The results presented in this study have important implications for the evolution of tetraploidy in plants. The crossing experiment indicates that triploids produce functional gametes and can participate in mating with diploids and tetraploids. This work reinforces previous research on the frequency of cytotypes in natural populations (Husband & Schemske, 1998) and their fitnesses (Burton & Husband, 2000), which suggests that triploids are an important component of mixed populations and that triploid block is not complete in this species. While triploids have been observed in other polyploid species (Zohary & Nur, 1959; Burton & Husband, 1999), in most field studies and all but one theoretical model (Felber & Bever, 1997), they are considered relatively unimportant to tetraploid evolution. However, the present work shows that triploids provide a large source of x, 2x, and 3x gametes to the gamete pool and are perhaps the most important pathway of recurrent tetraploid formation.
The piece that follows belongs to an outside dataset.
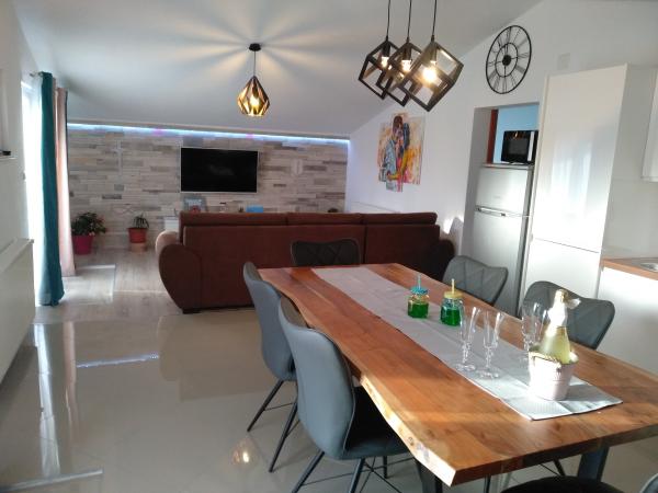 Rodinný dům v jejichž držení je 7 apartmánů. Byt A6 se nachází ve druhém patře budovy, dost ubytovat až 8 osob. Skládá se ze tří velkých ložnic, velký obývací pokoj, jídelna a kuchyň s velkou koupelnou. K dispozici jsou dvě velké terasy. Byt je vybaven klimatizací, TV, bezdrátové připojení, mikrovlnná trouba. Mobilní domek MH5 je vhodný až pro 7 osob. Skládá se ze dvou ložnic, obývacího pokoje, kuchyně, dvě koupelny, velkou terasu. Je vybaven klimatizací, TV, wifi. Možnost parkování před domem. Byt A5 je vhodný až pro 5 osob. Skládá se ze dvou ložnic, jídelna, kuchyně, jedna koupelna, terasa. wifi. Byt má samostatné zařízení Villa Jadranka. Apartmány A3 a B3 jsou umístěny v prvním patře domu. Vhodné pro pobyty tři osoby. Apartmány A2 a B2 jsou vhodné pro 2 osoby. Parkování je možné v rámci Villa Jadranka. V blízkosti pekárny, pěstitele ovoce a restaurací

Assuming random mating and equal cytotype frequencies, 0.04% of the tetraploids produced in any given generation will be produced directly through 2x × 2x matings, whereas 77% will be produced in matings that involve triploids.

Using simulations, we examined whether the presence of functional triploids would be sufficient to alter the evolutionary dynamics of mixed cytotype populations and enhance the spread of tetraploids. This approach differed from that of Felber & Bever (1997) in that they assumed that triploids produced equal frequencies of x and 2x pollen, and no 3x pollen. In contrast, the present data suggest that 3x pollen may not be uncommon. Simulation results herein, however, were similar in that the presence of functional triploids resulted in a stable equilibrium of diploid, tetraploid and triploid individuals. Moreover, as the fitness of triploids increased, the conditions for the spread of tetraploids generally improved, although the specific pattern depended on the relative fitnesses of diploids and tetraploids. When tetraploid fitness was less than diploid fitness, diploids persisted in the population and triploids were more common that tetraploids. When the relative fitness of tetraploids was one, increasing triploid fitness led to the exclusion of diploids and tetraploids were the most common cytotype. These results suggest that the production of tetraploids via triploid matings is sufficiently high to alter the fate of tetraploids in a diploid population.
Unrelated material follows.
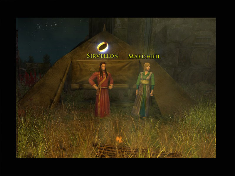 'Meine Schwester Maedhril hat einen Elb aus Imladris geheiratet. Er heißt Sirvellon und er hat eine Expedition in den Süden geführt. Die beiden lagern in der Nähe der verlassenen Stadt Caranost. Ihr Lager wird Sírlond genannt.''Ihre Liebe währt noch nicht lang - erst siebenhundert Jahre, wenn ich mich nicht irre. Manchmal glaube ich, die beiden sind blind für die Fehler des anderen. Sirvellon ist ein guter Elb, aber er ist noch kurzsichtiger als meine Schwester. Ich fürchte, er hat seinen Blick so starr auf die Orks gerichtet, dass er nicht genügend Vorräte beschafft, um das Lager zu versorgen.''Vielleicht möchtet Ihr mir helfen, hier in den Südhöhen Keilerfleisch und Luchsfelle zu beschaffen? Wenn wir sie Sirvellon und Maedhril schicken, müsste ich mir weniger Sorgen um sie machen.'

However, in simulations using the fitness relationships measured in greenhouse populations of C. angustifolium, the presence of triploids had little impact on the likelihood of tetraploid establishment compared to theoretical models lacking triploids (Felber, 1991). In the absence of unreduced gametes, tetraploids are expected to spread to fixation once they have exceeded a frequency of 50%. In our study, the equilibrium frequency of tetraploids was non-negligible when their initial frequency was > 40% and at higher frequencies some diploids still persisted. This suggests that, while recurrent tetraploid production via triploids alters the evolutionary dynamics of mixed populations, under most conditions it is insufficient to overcome the large fitness disadvantage experienced by triploids and tetraploids in C. angustifolium.
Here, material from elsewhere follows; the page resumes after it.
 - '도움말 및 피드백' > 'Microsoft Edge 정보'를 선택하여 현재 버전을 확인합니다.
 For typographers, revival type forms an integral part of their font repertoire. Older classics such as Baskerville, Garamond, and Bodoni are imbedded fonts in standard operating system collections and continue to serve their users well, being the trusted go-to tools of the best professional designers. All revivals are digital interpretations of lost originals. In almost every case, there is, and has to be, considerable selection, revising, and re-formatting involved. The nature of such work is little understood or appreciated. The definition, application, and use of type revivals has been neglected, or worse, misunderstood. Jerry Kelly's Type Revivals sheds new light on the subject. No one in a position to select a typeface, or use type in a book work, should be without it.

The significance of intercytotype matings for C. angustifolium is determined not only by their fecundity and resulting offspring ploidies, but also by the likelihood of such matings occurring in natural populations. In allopatric populations, which predominate in the northern and southern portions of the geographical range, most matings are assortative and intercytotype crosses are therefore of little consequence. Within the contact zone, however, diploids, triploids and tetraploids are found with regular occurrence (Husband & Schemske, 1998; Husband, unpubl.), often in close proximity. Matings between cytotypes in sympatry are often restricted by divergent flowering times and pollinator behaviour (Husband & Schemske, 2000). However, the existence of triploids is evidence that intercytotype mating occurs and the overlap in flowering times, particularly between triploids and tetraploids (Burton & Husband, 2000), suggesting that matings between diploids, triploids and tetraploids may have important consequences for the nature of interactions between ploidies, the likelihood of cytotype coexistence and the geographical position of the contact zone.